● **YOUR ASSIGNMENT**:
Taking the line with "Vetëm pas pandemisë, në" as the first and the line with "바지가 일단 너무 마음에" as the last, set down exactly every line in that range from the entries below, and no more.

● **RAW DATA**:

-- Opening Marker --

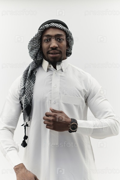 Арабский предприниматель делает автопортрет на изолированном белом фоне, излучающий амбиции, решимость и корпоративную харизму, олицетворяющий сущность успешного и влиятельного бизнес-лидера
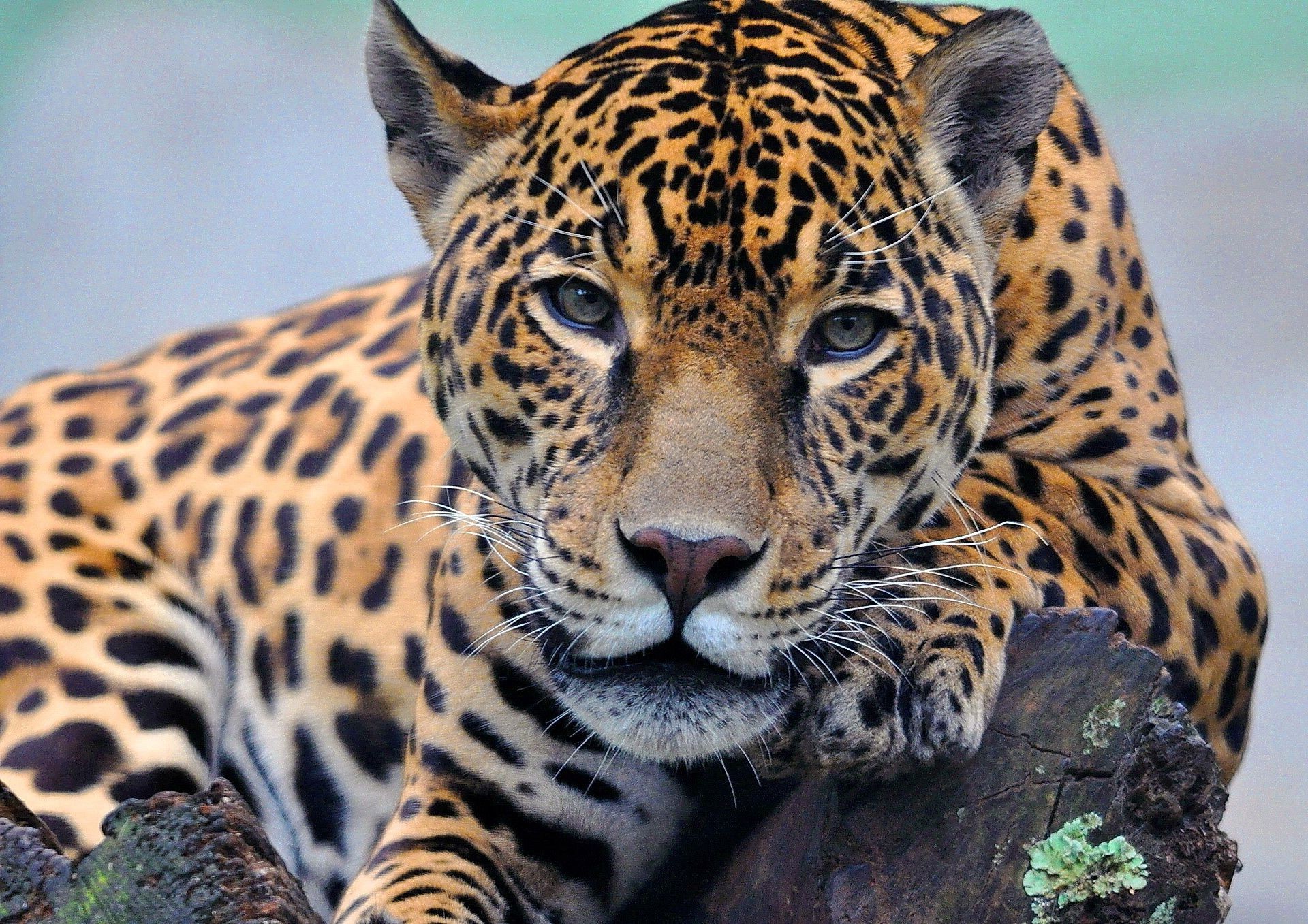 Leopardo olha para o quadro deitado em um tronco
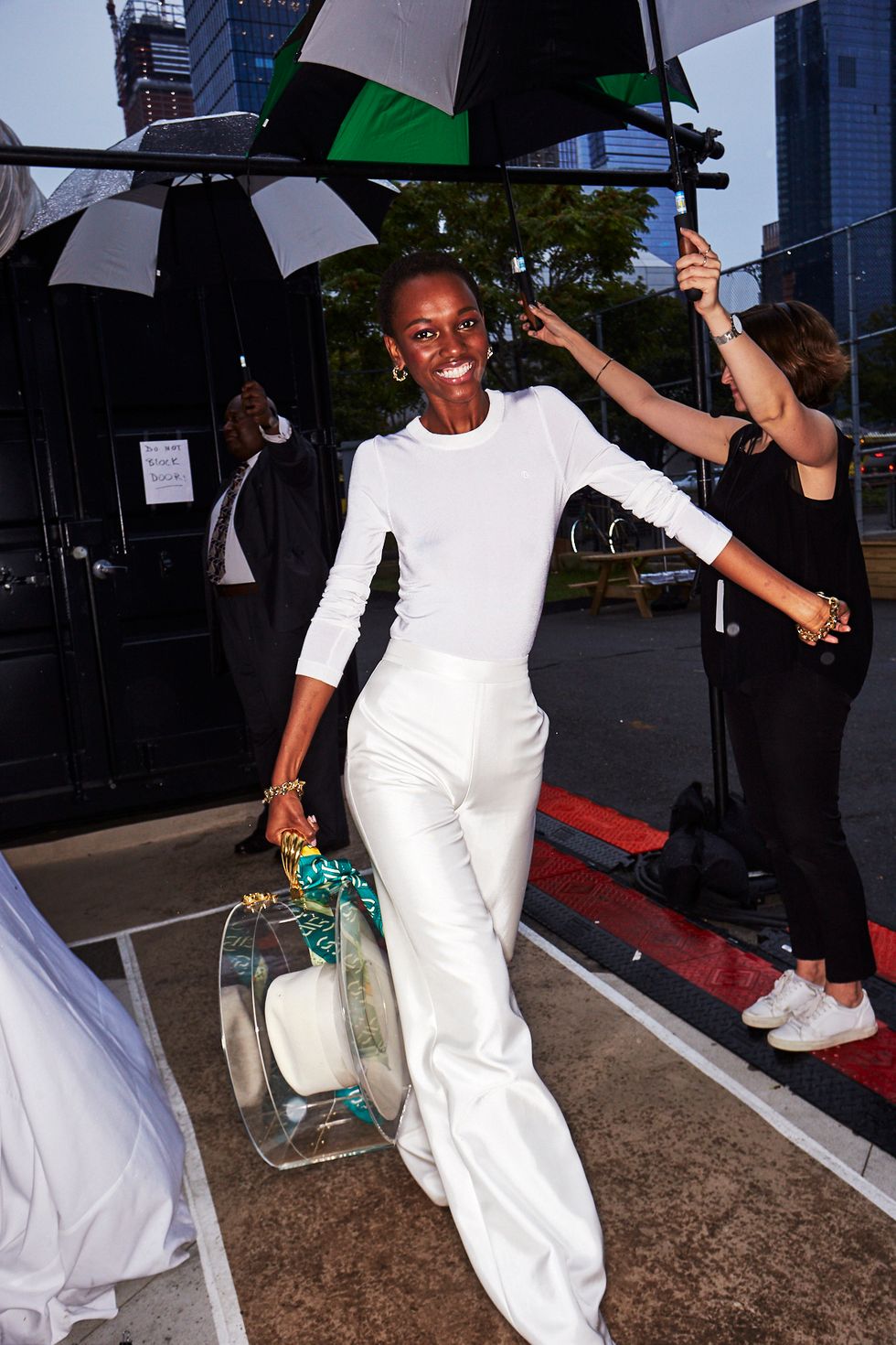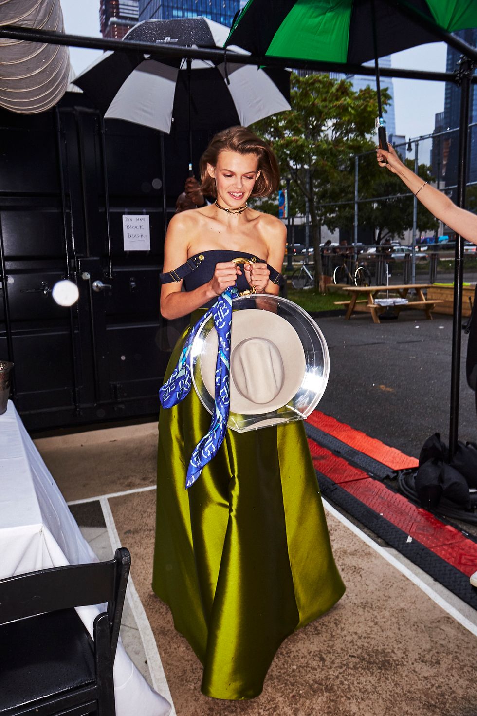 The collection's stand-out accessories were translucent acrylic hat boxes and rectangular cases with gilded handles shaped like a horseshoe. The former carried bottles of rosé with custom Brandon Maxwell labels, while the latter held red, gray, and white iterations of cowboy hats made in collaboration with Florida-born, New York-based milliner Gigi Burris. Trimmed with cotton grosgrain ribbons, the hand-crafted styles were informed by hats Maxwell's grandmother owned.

-- Closing Marker --
-- Opening Marker --

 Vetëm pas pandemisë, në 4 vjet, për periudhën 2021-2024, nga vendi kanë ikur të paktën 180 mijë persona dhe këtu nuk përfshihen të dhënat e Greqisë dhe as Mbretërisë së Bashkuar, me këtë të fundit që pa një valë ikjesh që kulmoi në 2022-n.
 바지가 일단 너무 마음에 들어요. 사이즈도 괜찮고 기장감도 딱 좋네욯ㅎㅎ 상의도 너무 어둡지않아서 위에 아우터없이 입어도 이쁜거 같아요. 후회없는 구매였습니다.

-- Closing Marker --
-- Opening Marker --

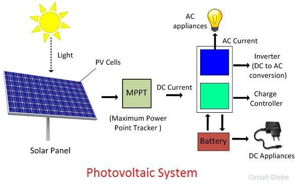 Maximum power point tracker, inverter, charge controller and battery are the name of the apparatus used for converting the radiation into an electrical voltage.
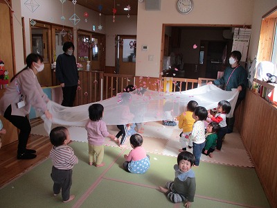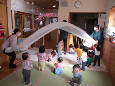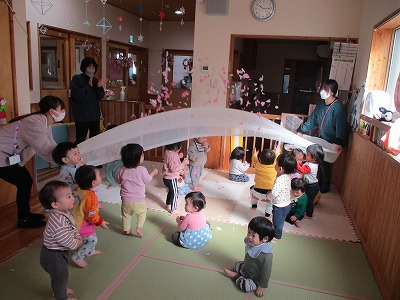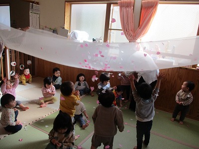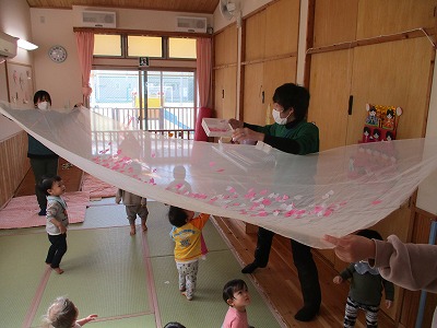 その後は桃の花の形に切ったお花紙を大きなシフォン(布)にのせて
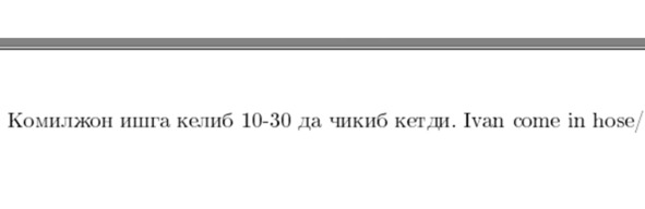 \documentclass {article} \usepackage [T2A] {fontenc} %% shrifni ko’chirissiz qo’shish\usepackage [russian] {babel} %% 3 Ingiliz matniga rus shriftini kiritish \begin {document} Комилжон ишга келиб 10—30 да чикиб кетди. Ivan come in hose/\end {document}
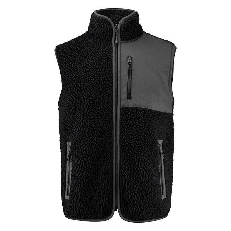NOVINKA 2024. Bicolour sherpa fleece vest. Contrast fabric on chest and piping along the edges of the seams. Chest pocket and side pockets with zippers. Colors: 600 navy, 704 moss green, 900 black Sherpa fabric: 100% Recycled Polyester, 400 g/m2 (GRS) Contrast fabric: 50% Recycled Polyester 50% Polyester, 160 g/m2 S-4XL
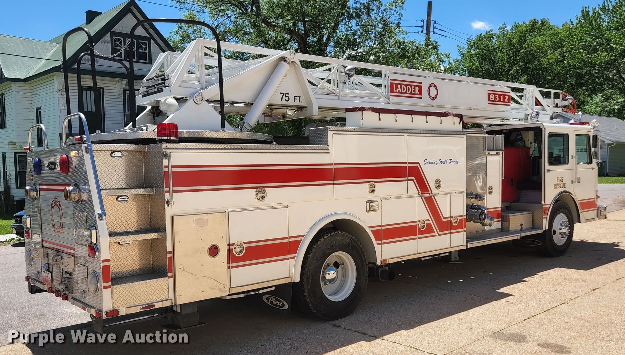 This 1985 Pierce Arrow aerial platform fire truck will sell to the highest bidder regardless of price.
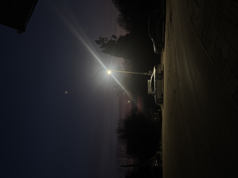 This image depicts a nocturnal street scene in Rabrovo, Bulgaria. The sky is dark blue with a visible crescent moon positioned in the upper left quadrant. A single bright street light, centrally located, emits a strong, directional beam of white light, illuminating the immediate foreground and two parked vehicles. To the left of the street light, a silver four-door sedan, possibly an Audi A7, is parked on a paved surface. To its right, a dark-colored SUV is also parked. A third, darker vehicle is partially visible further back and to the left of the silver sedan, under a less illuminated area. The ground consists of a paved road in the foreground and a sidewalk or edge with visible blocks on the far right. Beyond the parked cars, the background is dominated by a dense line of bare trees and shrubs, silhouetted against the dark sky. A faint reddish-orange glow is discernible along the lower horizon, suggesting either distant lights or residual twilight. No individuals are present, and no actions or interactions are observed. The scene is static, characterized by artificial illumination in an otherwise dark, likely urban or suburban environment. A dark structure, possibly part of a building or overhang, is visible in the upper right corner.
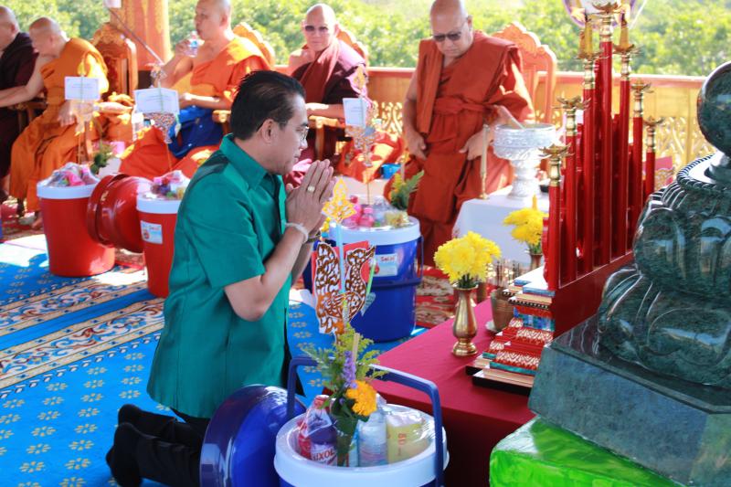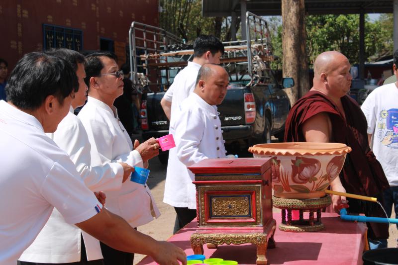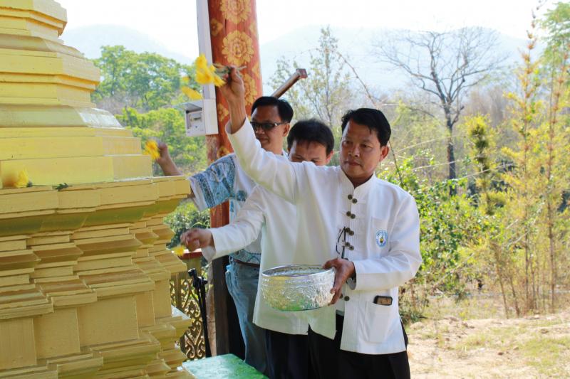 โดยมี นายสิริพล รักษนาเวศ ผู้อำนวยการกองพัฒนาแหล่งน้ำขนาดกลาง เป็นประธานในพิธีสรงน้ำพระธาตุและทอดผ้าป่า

-- Closing Marker --

● **SOLUTION TO THIS EXERCISE**:
 Vetëm pas pandemisë, në 4 vjet, për periudhën 2021-2024, nga vendi kanë ikur të paktën 180 mijë persona dhe këtu nuk përfshihen të dhënat e Greqisë dhe as Mbretërisë së Bashkuar, me këtë të fundit që pa një valë ikjesh që kulmoi në 2022-n.
 바지가 일단 너무 마음에 들어요. 사이즈도 괜찮고 기장감도 딱 좋네욯ㅎㅎ 상의도 너무 어둡지않아서 위에 아우터없이 입어도 이쁜거 같아요. 후회없는 구매였습니다.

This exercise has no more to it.